Memorandum by the Adviser on Political Relations (Hornbeck)52

We are not informed regarding the authorship of this broadcast,53 but, from the internal evidence, it is clear that the author knows a good deal about Japan, Japanese personalities and Japanese politics.

In the light of what he says, especially on the last page (3), and of other evidence or testimony to the same general effect, it is altogether reasonable to believe that threat of assassination hangs over the heads of any Japanese high officials who oppose the militant militaristic leadership [Incidentally, Konoye is not really a leader—he merely has influence (more negative than positive) because he is Konoye];53a therefore, if and insofar as he advises or insists on a moderate or conservative policy and procedure, Konoye has been and is in danger of assassination; hence, the gesture of the proposal that he sail from Japan to meet with the President of the United States in [Page 399] conference does not necessarily create that danger for him; in fact, that gesture, if consummated, might be a way of escape. At any rate, a jump from frying pan into fire does not prove that he who makes that jump is exhibiting extraordinary courage.

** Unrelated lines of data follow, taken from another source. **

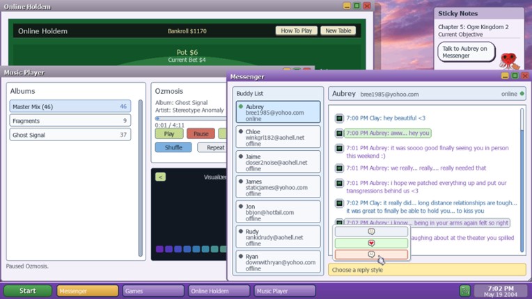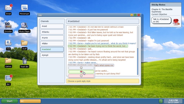 LifeSimOS is a story-rich coming-of-age experience set in 2004, where your world unfolds through a cluttered desktop filled with Messenger chats, IRC conversations, email, music, and late-night choices. Build friendships, navigate messy relationships, explore strange corners of the early internet, and shape your path through a branching story with multiple endings. Build your online persona by … If you enjoyed this game, see our list of games similar to LifeSimOS.
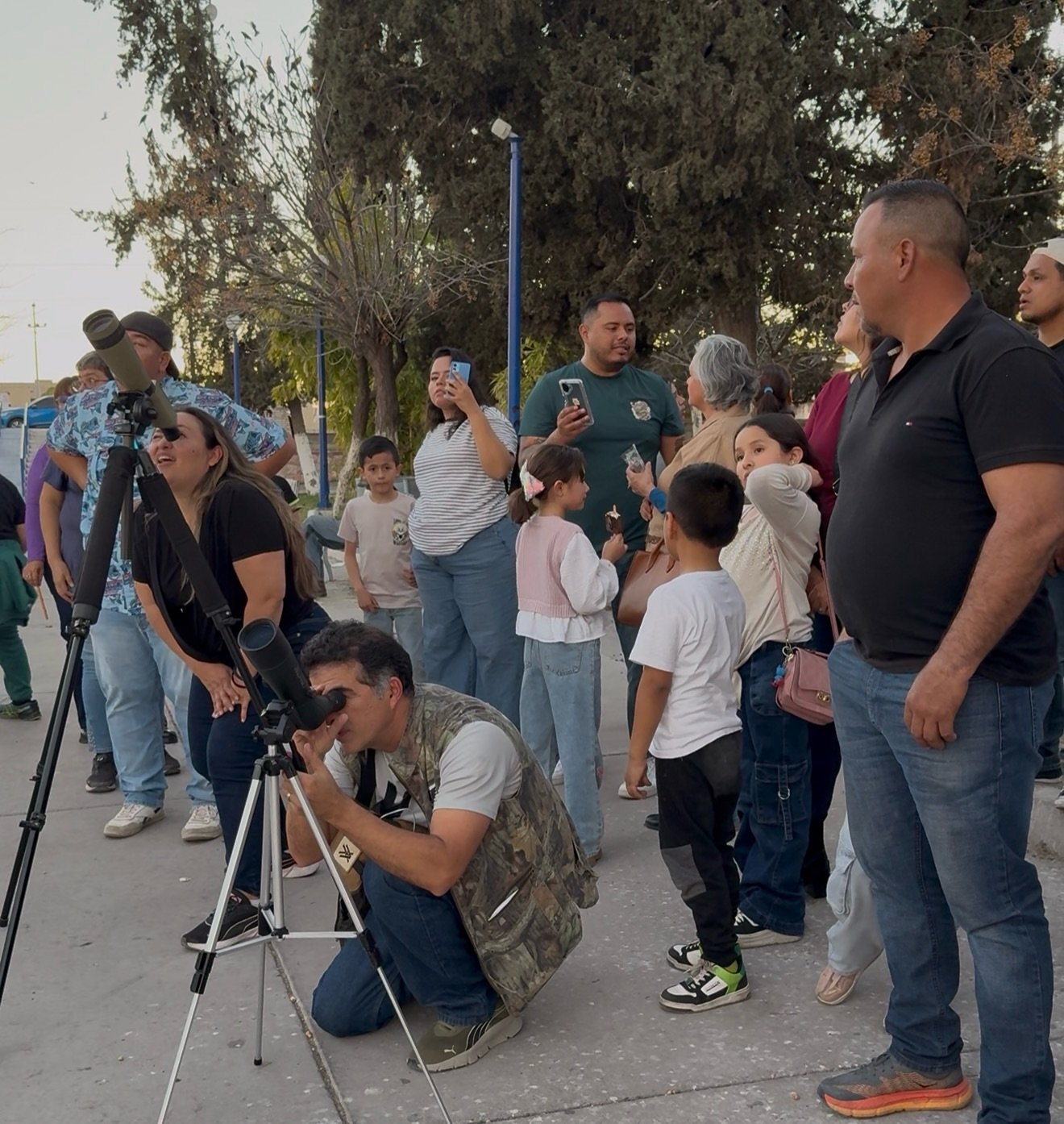 La actividad realizada la tarde de ayer convirtió el espacio público en un punto de encuentro para el conocimiento y la curiosidad, donde observaron la Luna, aves cruzando el atardecer y equipos apuntando al infinito.
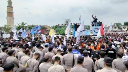 Dalam orasinya, perwakilan buruh menyatakan tidak terima dengan penetapan UMK 2022 yang telah disepakati oleh Dewan Pengupahan dalam rapat pleno pada Selasa (23/11/2021) kemarin.
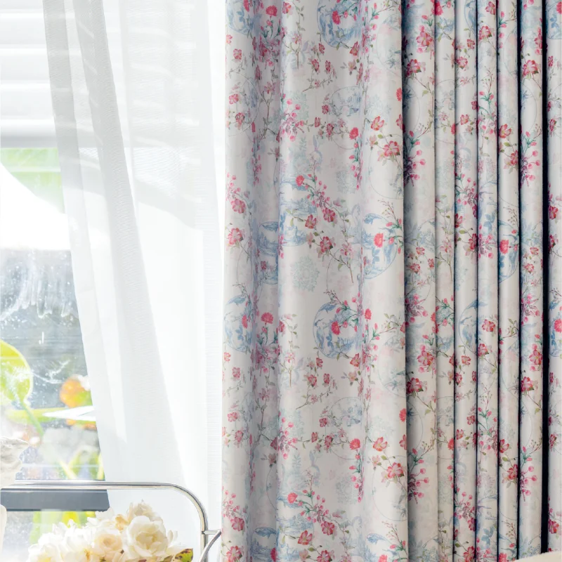 Decorated with delicate birds and floral vines, this curtain captures the warmth of countryside elegance. Its vintage aesthetic suits French provincial, cottagecore, and shabby chic spaces.

Query arises whether, toward giving support to the efforts of whatever there exists of “moderate elements” in Japan toward, in turn, bringing about accession to effective power in Japan of a rightly minded control leadership (in place of the militant militaristic element), the kindest and the soundest course for foreign countries, especially the United States, to pursue would not be that of bending every effort toward ensuring a thorough defeat and a complete discrediting of the armed efforts of the military militaristic leadership. Any kind of a “peace settlement” or adjustment on any kind of compromise lines which leaves the armed militant militaristic leadership in control or even in a position of influence would tend to perpetuate a political philosophy and concomitant practices the outstanding features of which are use of force, direct action, resort to assassination, et cetera. So long as even the roots of a militaristic philosophy continue to flourish and have a popular place in Japanese political and social life, the nation will not be secure against the political machinations of the chauvinistic leaders in the armed forces, and officials will not be secure against the pistol shots or the sword cuts of fanatical self-chosen or group-chosen patriots who, frustrated in the field of intelligence and reasoning, resort to methods of assassination. For Japan to enjoy political health, may it not be, is it not, essential that the cancer of militant militarism which is deeply imbedded in the Japanese body politic be destroyed and eliminated?

S[tanley] K. H[ornbeck]
  1. Noted by the Secretary of State.
  2. On August 16, there was picked up in the United States from Chinese Radio Station XGOY, Chungking, a broadcast which analyzed the position of Baron Kiichiro Hiranuma in Japanese political life and the significance of the recent attempt to assassinate him; transcript of broadcast not printed.
  3. Brackets appear in the original.